- Official poster
- 从天儿降
- Directed by: Wei Nan Wei Min
- Written by: Xi Li; Pan Jingdu; Wei Min; Jun Yang; You Sihan;
- Produced by: Zhang Ziyi Wei Nan
- Starring: Lay Zhang Li Xiaolu Cheney Chen Coco Jiang Wen
- Production companies: Beijing Starlit Entertainment Co., Ltd China Film Co., LTD Le Vision Pictures Youth Film Studio of Beijing Film Academy Beijing MaxTimes Culture Development Co., Ltd.
- Distributed by: China Film Co., Ltd. Beijing Film Distribution Branch Wuzhou Film Distribution Beijing Starlit Entertainment Co., Ltd
- Release date: December 4, 2015 (China);
- Running time: 99 minutes
- Country: China
- Language: Mandarin
- Box office: CN¥56 million

= Oh My God (2015 film) =

Oh My God (从天儿降) (also known as The Baby from the Universe and Children Fallen from the Skies) is a 2015 Chinese romantic comedy science fiction film directed by Wei Nan and Wei Min and produced by Zhang Ziyi. The film stars Lay Zhang, Li Xiaolu, Cheney Chen and Coco Jiang Wen.

==Plot==
The movie tells the story of a couple who fervently prayed for a blessing. In answer to their earnest request, the heavens gifted them with a child. From then on, the new family of two couples traverses the happy and sad paths of life.

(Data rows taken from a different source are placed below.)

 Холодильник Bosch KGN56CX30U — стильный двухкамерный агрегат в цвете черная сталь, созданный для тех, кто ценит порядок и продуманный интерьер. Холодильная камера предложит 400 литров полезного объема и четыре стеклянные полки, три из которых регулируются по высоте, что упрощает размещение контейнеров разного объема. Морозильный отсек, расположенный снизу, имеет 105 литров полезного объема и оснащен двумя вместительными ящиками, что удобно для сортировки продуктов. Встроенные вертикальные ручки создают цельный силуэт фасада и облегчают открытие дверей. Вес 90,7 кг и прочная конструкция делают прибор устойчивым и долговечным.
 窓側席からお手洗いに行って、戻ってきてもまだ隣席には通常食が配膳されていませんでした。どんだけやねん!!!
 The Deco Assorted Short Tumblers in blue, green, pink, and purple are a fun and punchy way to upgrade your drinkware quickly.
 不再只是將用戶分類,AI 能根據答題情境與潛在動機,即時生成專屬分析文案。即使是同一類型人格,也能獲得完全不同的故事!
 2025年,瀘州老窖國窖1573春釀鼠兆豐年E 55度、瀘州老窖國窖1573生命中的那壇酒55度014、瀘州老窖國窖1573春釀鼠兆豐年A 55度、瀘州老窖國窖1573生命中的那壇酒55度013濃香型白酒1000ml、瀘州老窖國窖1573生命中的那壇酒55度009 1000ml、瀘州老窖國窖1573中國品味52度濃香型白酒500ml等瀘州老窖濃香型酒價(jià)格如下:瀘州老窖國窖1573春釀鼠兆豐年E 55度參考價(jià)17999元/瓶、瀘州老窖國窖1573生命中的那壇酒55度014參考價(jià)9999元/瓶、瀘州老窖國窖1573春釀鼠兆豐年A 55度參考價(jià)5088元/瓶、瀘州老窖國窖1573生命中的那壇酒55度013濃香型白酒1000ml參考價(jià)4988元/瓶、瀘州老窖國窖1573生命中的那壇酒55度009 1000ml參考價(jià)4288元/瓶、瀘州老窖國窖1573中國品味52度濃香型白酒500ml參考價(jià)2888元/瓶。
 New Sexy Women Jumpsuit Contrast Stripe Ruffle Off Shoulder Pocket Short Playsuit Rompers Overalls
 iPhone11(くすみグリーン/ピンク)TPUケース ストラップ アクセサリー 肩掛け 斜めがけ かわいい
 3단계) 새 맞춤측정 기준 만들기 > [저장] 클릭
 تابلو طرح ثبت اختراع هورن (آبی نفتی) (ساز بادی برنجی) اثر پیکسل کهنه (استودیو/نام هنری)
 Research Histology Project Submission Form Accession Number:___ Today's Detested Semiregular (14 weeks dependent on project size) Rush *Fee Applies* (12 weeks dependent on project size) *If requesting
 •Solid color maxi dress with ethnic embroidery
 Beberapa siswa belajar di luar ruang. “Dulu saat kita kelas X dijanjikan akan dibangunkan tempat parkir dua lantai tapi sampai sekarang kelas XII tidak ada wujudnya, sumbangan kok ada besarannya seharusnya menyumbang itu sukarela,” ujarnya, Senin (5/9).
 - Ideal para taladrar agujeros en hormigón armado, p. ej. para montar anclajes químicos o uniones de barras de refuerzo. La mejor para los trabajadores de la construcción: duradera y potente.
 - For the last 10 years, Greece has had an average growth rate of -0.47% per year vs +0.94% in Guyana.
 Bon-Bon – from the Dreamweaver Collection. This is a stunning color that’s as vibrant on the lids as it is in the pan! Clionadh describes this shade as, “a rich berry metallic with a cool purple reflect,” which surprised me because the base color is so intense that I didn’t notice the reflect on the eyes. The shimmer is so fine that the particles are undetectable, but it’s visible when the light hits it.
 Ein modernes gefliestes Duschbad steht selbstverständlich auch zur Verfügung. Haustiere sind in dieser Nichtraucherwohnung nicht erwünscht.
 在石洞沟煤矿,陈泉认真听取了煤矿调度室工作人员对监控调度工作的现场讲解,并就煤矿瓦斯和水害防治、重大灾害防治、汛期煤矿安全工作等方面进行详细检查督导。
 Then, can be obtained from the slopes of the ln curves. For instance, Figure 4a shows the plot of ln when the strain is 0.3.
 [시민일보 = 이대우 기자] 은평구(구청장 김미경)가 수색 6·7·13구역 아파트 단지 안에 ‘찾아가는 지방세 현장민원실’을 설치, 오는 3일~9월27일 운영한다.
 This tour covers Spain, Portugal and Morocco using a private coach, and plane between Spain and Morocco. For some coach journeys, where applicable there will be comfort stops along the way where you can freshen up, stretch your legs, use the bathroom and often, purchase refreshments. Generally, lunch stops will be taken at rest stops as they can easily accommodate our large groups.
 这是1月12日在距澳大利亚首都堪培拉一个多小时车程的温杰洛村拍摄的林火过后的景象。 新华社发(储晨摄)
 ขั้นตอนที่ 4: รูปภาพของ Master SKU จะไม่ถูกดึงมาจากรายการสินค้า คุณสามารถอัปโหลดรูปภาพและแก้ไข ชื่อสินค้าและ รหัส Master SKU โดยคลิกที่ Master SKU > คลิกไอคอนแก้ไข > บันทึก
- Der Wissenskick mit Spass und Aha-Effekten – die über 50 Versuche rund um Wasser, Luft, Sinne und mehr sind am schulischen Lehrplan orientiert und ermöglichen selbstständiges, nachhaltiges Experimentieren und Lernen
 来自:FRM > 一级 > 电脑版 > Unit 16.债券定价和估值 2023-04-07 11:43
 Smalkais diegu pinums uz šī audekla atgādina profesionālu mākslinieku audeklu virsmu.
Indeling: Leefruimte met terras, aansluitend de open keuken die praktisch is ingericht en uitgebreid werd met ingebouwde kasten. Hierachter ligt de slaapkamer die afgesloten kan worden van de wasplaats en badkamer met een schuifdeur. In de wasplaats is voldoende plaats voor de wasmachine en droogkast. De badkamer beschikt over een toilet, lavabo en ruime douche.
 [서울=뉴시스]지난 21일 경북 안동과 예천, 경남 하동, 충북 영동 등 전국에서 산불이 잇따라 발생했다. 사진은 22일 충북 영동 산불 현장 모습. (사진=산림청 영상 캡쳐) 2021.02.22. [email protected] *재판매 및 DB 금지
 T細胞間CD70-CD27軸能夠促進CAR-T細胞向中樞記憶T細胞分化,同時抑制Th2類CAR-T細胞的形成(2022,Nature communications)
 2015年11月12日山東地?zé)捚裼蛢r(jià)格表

Chen Mo and Mo Han, Le Yi and Mega are a pair of couples which are close friends. The four young people live together in the same residence and lead a nonchalant and carefree life. Suddenly on one faithful day, a meteor crashed onto their rooftop which morphed into a lovely baby which came to them in their sleep. Astonished about the overnight presence, the four were rendered perplexed. The four soon became baby sitters and were the frenzied by the task. Gradually they found this "everyone's" baby possesses magical powers! Followed by a string of events, they were matured by the responsibilities and fostering of the baby.

==Cast==
- Zhang Yixing as Le Yi
- Li Xiaolu as Lu Miga
- Cheney Chen as Chen Mo
- Coco Jiang Wen as Mohan
- Zhang Ziyi as herself

== Soundtrack ==

The song was sung by Lay, Li Xiaolu and Coco Jiang Wen.

| No. | Title | Writer(s) | Length |
|---|---|---|---|
| 1. | "Happy Youth" | Lay | 03:37 |

== Release and reception ==

=== Box office ===
The film grossed CN¥56 million at the Chinese box office.

=== Accolades ===

List of awards and nominations
Award: Category; Nominee; Results; Ref.
The 7th Golden Broom Awards for Chinese Films: Most Disappointing Film; Won
Most Disappointing Director: Wei Nan and Wei Min
The 6th Douban Film Awards: Lousiest Movie; Won
Lousiest Director: Wei Nan and Wei Min
Lousiest Actor: Chen Xuedong; Won
The 2nd Douban Film Annual: Lowest Rating Chinese Movie; Won

=== Critical response ===
There were mixed opinions about the film. The film garnered substantial reviews that questioned the overall logicality and the abrupt ending. However, actor Chen Xuedong was still praised by netizens for their improved acting skills and the plot of man baby-sitting infants with highlights on responsibility and family life.

=== Ratings ===
The movie garnered a 7.6/10 rating and 31,877,503 viewers on Youku. Mtime rated the movie at 5.0/10.

== Promotion ==

=== Premiere ===
On August 4, a pre-release premiere was held to introduce the cast and announce the prospects of the film. Two subsequent premieres were held at Beijing on November 3 and December 1.

=== Music video ===
A music video featuring the singers of the theme song, Zhang Yixing (Lay), Li Xiaolu and Coco Jiang Wen was dropped one day before the release of the film. The song was composed by Zhang Yixing himself.